■ **DATA EXCERPTS**

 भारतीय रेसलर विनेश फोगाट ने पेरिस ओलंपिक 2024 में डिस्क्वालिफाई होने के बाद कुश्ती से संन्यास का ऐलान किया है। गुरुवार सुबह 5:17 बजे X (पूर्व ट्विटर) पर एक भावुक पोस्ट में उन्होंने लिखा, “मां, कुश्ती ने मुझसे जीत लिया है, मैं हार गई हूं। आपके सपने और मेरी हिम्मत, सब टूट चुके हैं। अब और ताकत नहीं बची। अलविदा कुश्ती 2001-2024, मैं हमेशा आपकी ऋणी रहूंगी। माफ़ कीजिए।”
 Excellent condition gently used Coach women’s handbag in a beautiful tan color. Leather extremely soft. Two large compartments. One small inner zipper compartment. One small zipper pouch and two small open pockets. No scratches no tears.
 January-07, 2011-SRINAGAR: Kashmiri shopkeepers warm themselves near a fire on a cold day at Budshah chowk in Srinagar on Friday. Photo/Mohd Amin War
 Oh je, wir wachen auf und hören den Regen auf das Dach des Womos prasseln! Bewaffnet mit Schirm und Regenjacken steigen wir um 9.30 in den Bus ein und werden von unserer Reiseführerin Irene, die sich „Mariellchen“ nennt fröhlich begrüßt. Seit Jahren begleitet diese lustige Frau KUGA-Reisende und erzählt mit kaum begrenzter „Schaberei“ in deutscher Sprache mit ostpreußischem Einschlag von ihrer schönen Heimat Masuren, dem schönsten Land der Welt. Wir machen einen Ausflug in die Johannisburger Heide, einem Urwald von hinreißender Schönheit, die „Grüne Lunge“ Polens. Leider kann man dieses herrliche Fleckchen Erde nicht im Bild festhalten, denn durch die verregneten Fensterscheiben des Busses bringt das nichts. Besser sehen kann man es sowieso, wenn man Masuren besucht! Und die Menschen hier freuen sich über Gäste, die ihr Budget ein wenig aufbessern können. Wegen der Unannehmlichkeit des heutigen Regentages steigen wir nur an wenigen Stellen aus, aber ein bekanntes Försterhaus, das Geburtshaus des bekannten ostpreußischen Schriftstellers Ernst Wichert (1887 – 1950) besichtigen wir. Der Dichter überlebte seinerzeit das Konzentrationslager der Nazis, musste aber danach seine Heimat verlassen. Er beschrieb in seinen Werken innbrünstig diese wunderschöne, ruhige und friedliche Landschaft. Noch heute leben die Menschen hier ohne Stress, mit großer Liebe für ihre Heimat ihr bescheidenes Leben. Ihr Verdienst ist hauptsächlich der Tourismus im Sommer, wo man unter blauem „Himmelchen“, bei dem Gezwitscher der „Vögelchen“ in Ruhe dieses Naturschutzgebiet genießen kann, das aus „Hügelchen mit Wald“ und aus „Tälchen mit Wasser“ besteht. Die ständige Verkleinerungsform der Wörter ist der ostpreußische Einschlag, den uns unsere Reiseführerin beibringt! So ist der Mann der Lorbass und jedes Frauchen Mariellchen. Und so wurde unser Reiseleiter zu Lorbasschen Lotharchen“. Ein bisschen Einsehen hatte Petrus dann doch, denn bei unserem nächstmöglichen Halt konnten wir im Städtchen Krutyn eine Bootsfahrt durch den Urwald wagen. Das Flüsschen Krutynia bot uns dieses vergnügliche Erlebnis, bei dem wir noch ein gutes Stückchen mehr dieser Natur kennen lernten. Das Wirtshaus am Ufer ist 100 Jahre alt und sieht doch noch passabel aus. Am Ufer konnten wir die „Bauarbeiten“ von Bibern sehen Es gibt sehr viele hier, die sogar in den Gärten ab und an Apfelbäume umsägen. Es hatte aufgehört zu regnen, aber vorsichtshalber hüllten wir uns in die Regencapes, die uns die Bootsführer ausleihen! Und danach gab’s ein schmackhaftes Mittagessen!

* * *

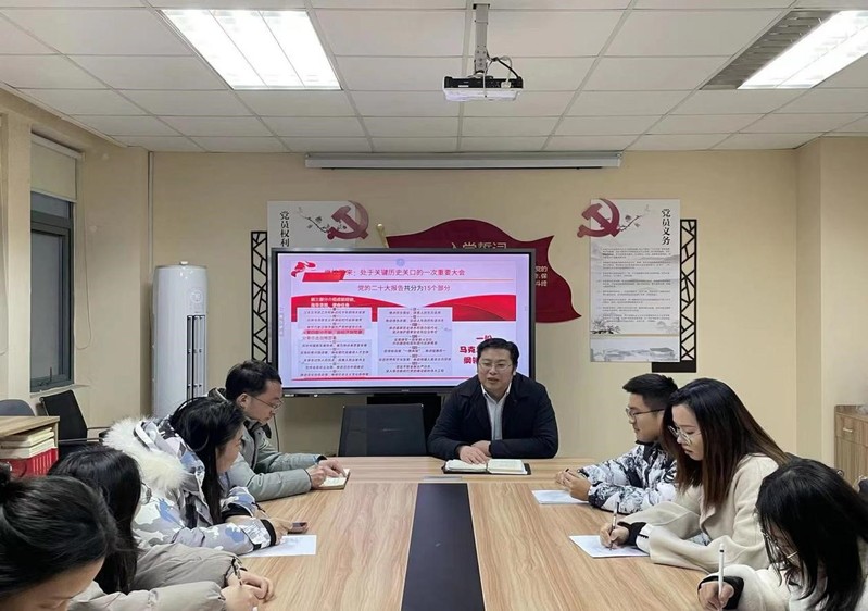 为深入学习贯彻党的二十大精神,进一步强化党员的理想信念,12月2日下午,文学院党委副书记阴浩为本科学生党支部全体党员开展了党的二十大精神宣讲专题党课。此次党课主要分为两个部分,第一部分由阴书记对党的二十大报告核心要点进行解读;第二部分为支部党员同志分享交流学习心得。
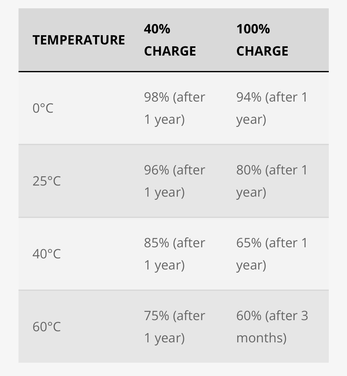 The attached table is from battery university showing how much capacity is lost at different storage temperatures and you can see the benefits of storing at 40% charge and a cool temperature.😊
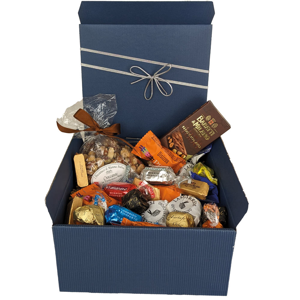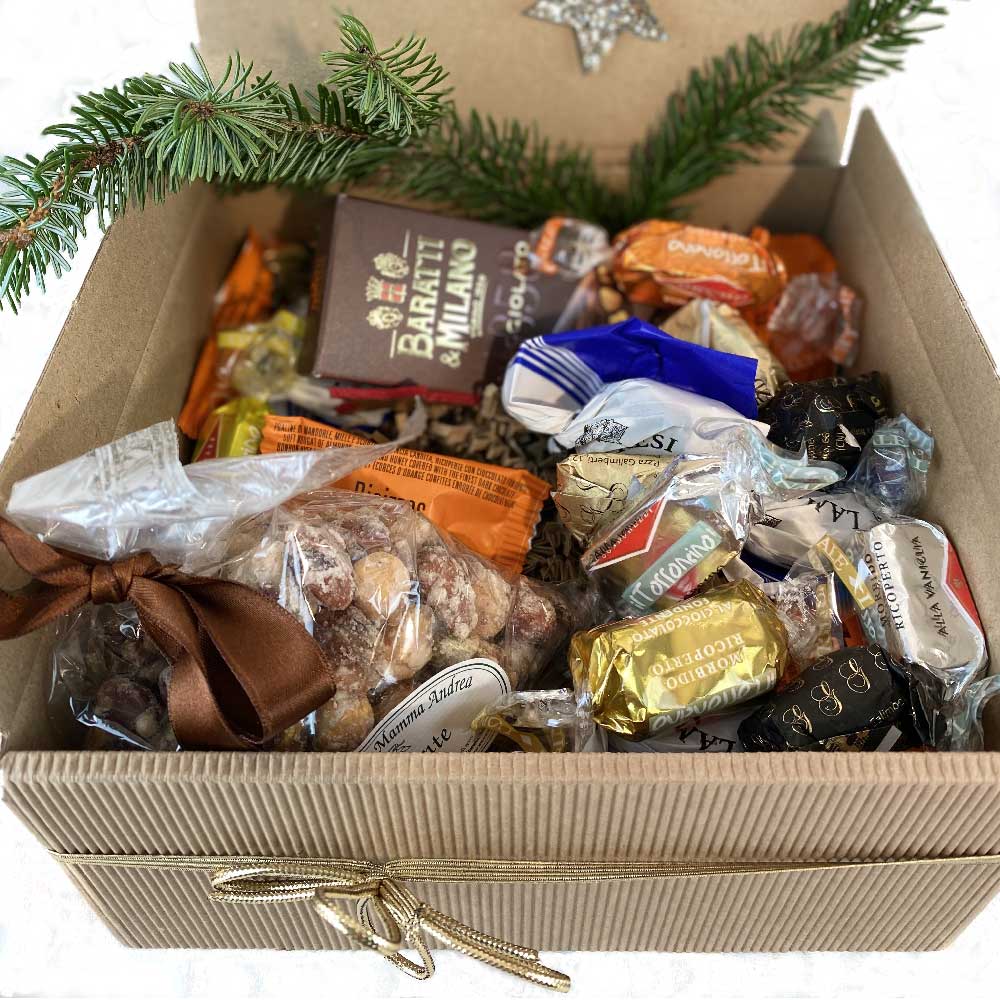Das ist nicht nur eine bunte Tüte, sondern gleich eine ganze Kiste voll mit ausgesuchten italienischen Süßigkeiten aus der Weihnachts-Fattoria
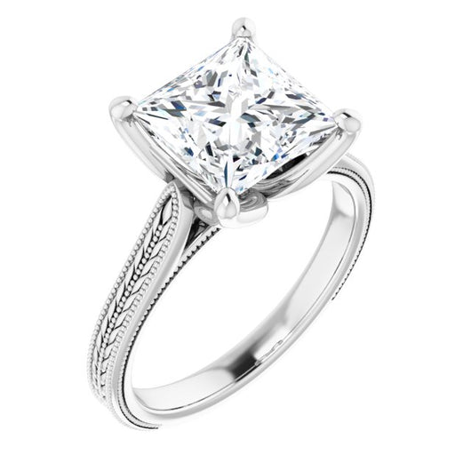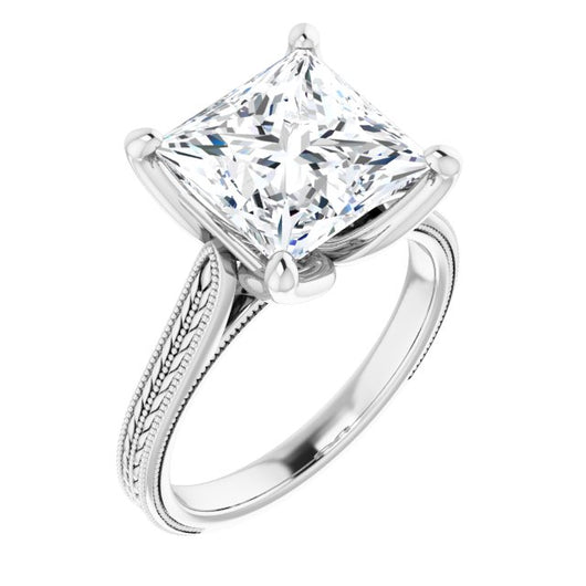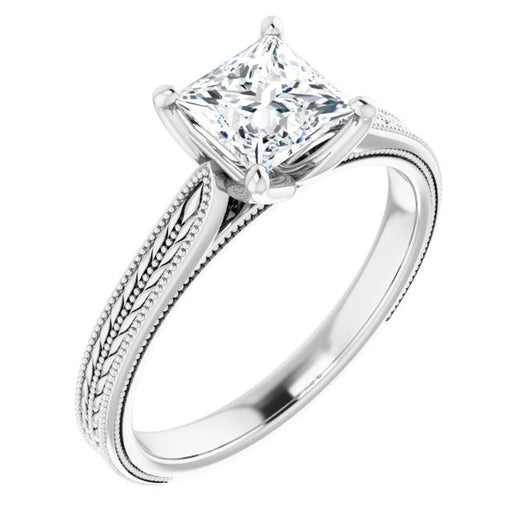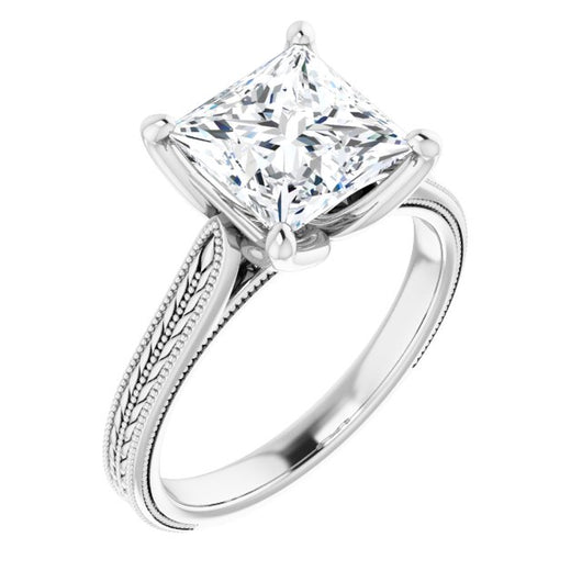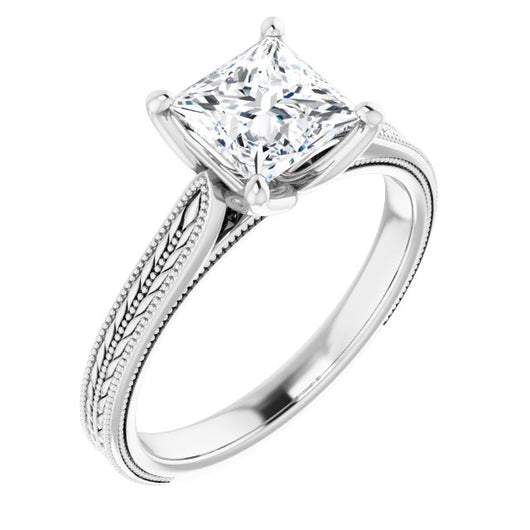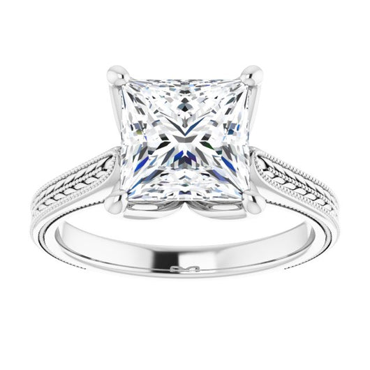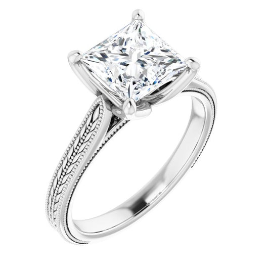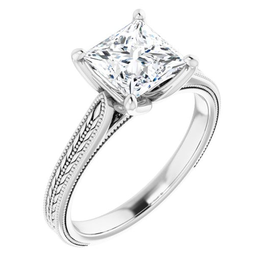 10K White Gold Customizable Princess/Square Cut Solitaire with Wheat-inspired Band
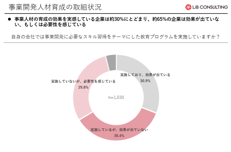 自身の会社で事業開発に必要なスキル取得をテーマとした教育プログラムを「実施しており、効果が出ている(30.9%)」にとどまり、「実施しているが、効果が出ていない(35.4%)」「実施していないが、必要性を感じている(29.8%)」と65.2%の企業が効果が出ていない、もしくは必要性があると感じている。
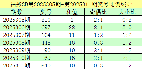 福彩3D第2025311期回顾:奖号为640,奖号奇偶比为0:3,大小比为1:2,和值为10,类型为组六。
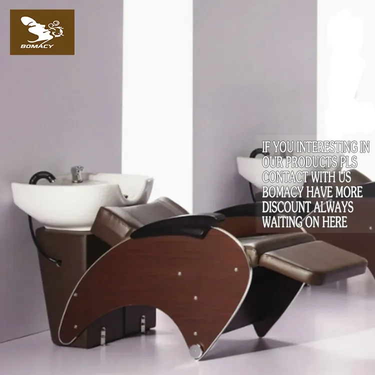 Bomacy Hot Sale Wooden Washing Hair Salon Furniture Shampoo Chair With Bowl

...

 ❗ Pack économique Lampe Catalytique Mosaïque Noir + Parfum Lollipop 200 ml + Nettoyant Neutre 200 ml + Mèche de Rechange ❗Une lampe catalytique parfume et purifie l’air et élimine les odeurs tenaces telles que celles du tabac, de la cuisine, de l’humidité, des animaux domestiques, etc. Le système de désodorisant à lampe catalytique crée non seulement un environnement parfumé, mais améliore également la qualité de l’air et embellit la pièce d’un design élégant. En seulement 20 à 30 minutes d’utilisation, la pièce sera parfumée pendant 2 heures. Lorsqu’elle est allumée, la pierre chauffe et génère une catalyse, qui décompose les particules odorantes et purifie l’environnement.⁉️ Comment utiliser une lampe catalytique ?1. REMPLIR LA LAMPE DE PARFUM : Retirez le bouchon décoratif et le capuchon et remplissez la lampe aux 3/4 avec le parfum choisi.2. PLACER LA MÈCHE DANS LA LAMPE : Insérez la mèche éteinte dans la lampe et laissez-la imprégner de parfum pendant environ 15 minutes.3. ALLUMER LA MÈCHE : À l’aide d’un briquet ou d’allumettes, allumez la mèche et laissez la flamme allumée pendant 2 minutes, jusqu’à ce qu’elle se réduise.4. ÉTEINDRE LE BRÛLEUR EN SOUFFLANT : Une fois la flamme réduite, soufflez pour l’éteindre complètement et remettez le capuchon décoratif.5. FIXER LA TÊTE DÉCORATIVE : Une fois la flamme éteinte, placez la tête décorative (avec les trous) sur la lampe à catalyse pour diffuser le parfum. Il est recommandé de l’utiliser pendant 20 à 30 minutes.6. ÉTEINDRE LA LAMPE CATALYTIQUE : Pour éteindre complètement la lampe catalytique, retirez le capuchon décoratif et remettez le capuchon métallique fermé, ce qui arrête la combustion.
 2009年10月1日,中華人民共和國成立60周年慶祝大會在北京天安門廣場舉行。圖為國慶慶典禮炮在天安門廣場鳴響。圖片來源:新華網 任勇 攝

■ **TASK GOAL**
Give back exactly the lines of the listing above that run from the line with "भारतीय रेसलर विनेश" to the line with "Excellent condition gently", inclusive.

■ **OUTPUT OF THE EXERCISE**
 भारतीय रेसलर विनेश फोगाट ने पेरिस ओलंपिक 2024 में डिस्क्वालिफाई होने के बाद कुश्ती से संन्यास का ऐलान किया है। गुरुवार सुबह 5:17 बजे X (पूर्व ट्विटर) पर एक भावुक पोस्ट में उन्होंने लिखा, “मां, कुश्ती ने मुझसे जीत लिया है, मैं हार गई हूं। आपके सपने और मेरी हिम्मत, सब टूट चुके हैं। अब और ताकत नहीं बची। अलविदा कुश्ती 2001-2024, मैं हमेशा आपकी ऋणी रहूंगी। माफ़ कीजिए।”
 Excellent condition gently used Coach women’s handbag in a beautiful tan color. Leather extremely soft. Two large compartments. One small inner zipper compartment. One small zipper pouch and two small open pockets. No scratches no tears.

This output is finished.